In this study we analyzed the involvement of the polymorphisms rs1042522 in codon 72, gene TP53 and rs1136201 in codon 655, gene HER-2 in patients diagnosed with breast cancer in the city of Macapá, Amazon region of Brazil. Our results showed that both polymorphisms can be associated with breast cancer in our population. Based on the origins of colonization and formation of the “amapaense” population and the large dimensions of Brazil with different miscegenation patterns among the regions of the country (Giolo et al. 2012). Therefore, it is impossible to infer that the results for these variants found in our study are the same as those found in other regions of the country; regionalized studies are needed to confirm whether the genetic composition of the population is an important factor for the distribution of these alleles in the population. This type of study is scarce in Brazilian populations and paves the way for investigations of the relationship between breast cancer and genetic polymorphisms in specific populations around the country.

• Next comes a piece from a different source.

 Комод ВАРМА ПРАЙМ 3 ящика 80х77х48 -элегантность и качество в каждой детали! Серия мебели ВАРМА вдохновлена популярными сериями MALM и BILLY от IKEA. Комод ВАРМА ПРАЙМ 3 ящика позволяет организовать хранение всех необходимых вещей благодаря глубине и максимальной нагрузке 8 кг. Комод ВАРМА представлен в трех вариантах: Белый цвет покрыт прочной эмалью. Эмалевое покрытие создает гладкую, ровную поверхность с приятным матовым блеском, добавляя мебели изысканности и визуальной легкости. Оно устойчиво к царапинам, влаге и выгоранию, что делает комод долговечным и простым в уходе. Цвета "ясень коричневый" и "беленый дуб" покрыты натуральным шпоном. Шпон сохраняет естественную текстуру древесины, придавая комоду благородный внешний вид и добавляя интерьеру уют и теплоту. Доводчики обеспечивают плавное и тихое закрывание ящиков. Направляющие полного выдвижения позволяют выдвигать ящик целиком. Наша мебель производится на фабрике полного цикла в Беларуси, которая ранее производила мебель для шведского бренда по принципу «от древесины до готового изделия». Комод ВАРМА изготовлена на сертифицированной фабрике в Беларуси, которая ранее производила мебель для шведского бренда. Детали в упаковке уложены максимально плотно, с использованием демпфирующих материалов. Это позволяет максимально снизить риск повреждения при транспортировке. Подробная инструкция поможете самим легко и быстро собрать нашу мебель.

Mutations in the TP53 gene are the most frequent genetic changes in human malignant tumors, occurring in about 60% of neoplasms. These TP53 mutations are associated with instability in cell development and cycle progression (Kara et al. 2010; McGraw, Zhang, Rollison, 2015). In this study, the most frequent P53 genotype among the patients was the heterozygous Arg/Pro with 47.5%, followed by Pro/Pro 28.7% and Arg / Arg 23.7%. In the control samples, the genotypic frequency found for the Arg / Arg, Arg / Pro and Pro/Pro genotypes had the percentage of 69.8%, 19.2% and 10.8% respectively. Studies revealed that the homozygous Arg72 allele has 15 times increased capacity to induce apoptosis activity than the 72Pro allele. This high capacity to induce apoptosis is due to its mitochondrial location that allows p53 to have a direct interaction with the BAK protein. Consequently, the less apoptotic 72Pro allele represents a greater ability to lead to the proliferation of cancer cells (Dumont et al., 2003; Leu et al., 2004). In our study 52.5% of the patients presented the C allele (72Pro) and in the controls the most frequent was the G allele (Arg72).

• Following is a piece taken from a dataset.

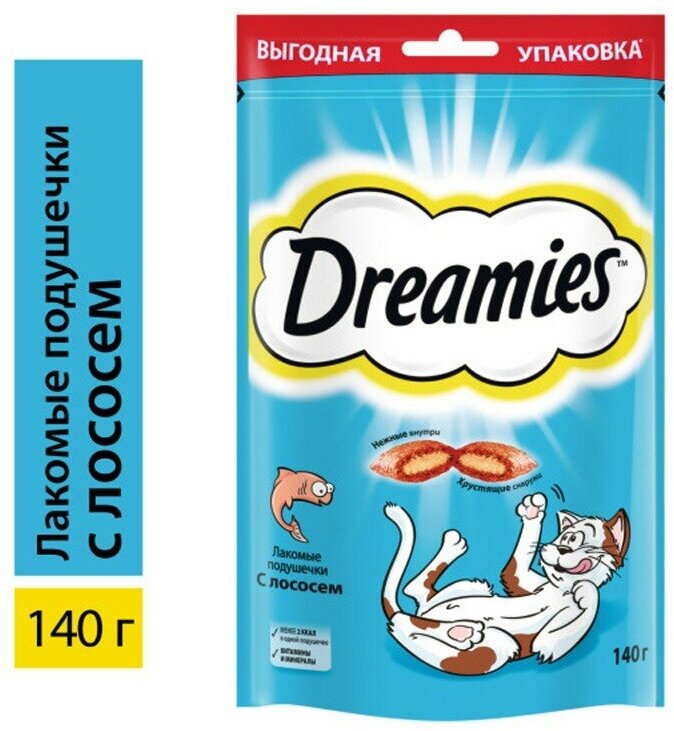 DREAMIES с лососем это лакомство, которое любят все коты на свете. Смело заводите дома аквариум, ваш усатый рыбак больше не обратит внимания на рыбок, ведь есть аппетитные хрустящие подушечки DREAMIES с нежным лососем внутри! Просто рыбная сказка для вашего кота! В состав DREAMIES Лакомые Подушечки входят важные для кошки питательные вещества, витамины и минералы, а значит, такое угощение приносит не только радость, но и пользу.Состав:Белковые растительные экстракты, злаки и продукты их переработки, мука животного происхождения, мука из рыбы (в том числе мука из лосося минимум 4%), животные жиры и растительное масло, гидролизат животного происхождения, витамины и минералы.

In our sample, the Arg72Pro genotype and the C allele (72Pro) were statistically associated with breast cancer (Table 2). The significant increase in the risk of cancer in relation to the TP53 variants was found when we observed the comparisons between the associations of heterozygous and contrasting alleles (GC vs GG: OR = 7.2500, 95% CI 7.9518-38.3840, X2 = 60,110, P = <0.0001), (G vs C: OR = 4.2910, 95% CI = 2.6334-6.9919, X2 = 36.165, P = <0.0001), respectively. Similar results associating this genotype and allele were found in studies (Buyru, Tigli, Dalay, 2003; Rivu et al., 2017;Akhter et al. 2018; Ayoubi et al. 2018).

HER-2 belongs to the family of the human epidermal growth factor, commonly expressed at the surface of epithelial cells. In addition to the contribution to cell proliferation and differentiation, the activation of HER-2 in normal cells promotes cell adhesion and motility (Riaz et al. 2016). The role of genetic changes in the HER-2 kinase-binding domain contributes to tumorigenesis and has also been reported in many types of cancer (Olayioye et al., 2000; Fan et al. 2008).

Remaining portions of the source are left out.